Потом появился Рембо, великий мастер шокирующих фраз. В конце «Поры в аду», после резкого и едкого абзаца, звенят четыре слова: «Нужно быть абсолютно современным». А почему — не сказал. Современность «цветет без почему», как роза Ангелуса Силезиуса. У этой фразы было, вероятно, немало жертв: светские дамы, однажды вдохнув аромат авангарда, уже не могли без него обойтись, захваченные кипением первых вернисажей. За ними последовали художники и писатели, нередко средней руки, готовые на все, лишь бы соответствовать покорившей их фразе.

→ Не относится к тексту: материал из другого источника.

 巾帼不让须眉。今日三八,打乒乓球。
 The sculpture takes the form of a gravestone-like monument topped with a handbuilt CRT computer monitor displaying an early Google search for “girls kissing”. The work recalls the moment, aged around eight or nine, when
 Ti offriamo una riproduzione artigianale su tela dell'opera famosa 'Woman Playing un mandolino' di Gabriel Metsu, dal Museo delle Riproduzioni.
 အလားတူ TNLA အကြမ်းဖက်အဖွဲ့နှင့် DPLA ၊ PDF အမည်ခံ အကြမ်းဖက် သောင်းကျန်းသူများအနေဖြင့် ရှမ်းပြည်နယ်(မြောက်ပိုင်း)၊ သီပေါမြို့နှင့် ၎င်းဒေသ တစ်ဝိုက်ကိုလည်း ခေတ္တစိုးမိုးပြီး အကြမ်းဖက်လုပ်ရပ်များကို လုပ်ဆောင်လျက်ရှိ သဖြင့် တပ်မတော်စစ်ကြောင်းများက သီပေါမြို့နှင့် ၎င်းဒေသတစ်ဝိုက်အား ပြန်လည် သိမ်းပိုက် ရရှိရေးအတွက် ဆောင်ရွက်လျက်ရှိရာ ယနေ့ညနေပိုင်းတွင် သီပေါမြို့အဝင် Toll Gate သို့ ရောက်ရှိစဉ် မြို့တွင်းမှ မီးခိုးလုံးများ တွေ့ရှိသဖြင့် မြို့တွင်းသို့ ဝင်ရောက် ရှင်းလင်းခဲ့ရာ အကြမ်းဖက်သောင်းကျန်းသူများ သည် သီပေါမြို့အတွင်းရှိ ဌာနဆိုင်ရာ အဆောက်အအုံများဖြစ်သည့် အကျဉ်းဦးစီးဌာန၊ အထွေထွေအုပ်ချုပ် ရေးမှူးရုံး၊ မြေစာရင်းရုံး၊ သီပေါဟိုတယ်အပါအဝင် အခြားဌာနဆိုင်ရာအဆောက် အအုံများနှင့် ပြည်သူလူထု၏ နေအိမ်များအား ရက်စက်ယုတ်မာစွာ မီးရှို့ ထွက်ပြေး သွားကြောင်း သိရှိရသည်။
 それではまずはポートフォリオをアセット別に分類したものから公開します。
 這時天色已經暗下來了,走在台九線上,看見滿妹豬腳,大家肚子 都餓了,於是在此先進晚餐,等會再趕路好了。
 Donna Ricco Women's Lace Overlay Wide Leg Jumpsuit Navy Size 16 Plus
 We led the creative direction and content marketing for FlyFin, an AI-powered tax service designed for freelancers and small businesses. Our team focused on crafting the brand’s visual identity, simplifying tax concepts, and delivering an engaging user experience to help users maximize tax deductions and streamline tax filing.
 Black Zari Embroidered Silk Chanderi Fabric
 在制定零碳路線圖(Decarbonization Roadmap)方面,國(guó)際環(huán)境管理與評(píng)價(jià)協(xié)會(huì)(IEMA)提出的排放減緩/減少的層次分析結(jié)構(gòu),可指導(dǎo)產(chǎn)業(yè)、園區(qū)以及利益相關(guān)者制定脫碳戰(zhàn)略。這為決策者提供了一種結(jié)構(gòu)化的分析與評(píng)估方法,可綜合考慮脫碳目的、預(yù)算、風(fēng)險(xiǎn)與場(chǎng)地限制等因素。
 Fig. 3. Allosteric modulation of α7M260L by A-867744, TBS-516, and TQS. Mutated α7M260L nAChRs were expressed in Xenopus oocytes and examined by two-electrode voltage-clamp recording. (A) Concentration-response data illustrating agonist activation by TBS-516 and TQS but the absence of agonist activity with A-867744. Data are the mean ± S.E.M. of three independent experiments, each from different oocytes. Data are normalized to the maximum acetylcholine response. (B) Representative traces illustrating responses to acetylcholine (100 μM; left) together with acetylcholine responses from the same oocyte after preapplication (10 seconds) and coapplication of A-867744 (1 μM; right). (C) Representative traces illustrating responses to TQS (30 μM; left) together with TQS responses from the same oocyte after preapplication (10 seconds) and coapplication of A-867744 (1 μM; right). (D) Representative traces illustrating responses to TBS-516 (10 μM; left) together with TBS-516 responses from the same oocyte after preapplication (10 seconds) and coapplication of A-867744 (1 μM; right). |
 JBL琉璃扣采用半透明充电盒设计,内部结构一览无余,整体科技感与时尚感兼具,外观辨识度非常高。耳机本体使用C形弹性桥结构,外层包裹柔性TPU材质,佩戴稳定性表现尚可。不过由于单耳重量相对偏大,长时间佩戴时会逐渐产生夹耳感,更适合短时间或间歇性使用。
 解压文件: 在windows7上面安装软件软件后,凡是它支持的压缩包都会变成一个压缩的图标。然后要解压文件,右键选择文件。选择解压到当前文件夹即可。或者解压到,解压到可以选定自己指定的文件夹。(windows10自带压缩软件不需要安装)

Если Бодлер был первым, кто обозначил волнующий абрис современности, ему принадлежит также заслуга быть первым, кто осмыслил слово авангард, которое в течение нескольких десятилетий двадцатого века будоражило и зачаровывало умы, а в двадцать первом звучит как насмешка. Бодлер хладнокровно отмечал, что этот термин свидетельствует о «склонности французов к военным метафорам». Склонность, типичная для иных «домоседов, бельгийцев по духу». Не будем уточнять, что подразумевает Бодлер под словом «бельгийцы». Что касается «домоседов», Бодлер объясняет это в другом месте: «Француз — это домашнее животное, настолько хорошо прирученное, что не решается ступить дальше ограды». Речь идет о существах, «созданных для дисциплины, иначе говоря, для единообразия», которые «не способны мыслить независимо от общества». Они все время говорят о ветеранах, новобранцах, о воинствующей литературе, о том, что кто-то лег на амбразуру, кто-то другой высоко держит знамя, третий смело бросился в бой. Наконец, именно французы ввели понятие «писатели авангарда». Так выявляются потаенные корни любого авангарда. И сколько разных мадам Вердюрен будут потом биться, чтобы скрыть их.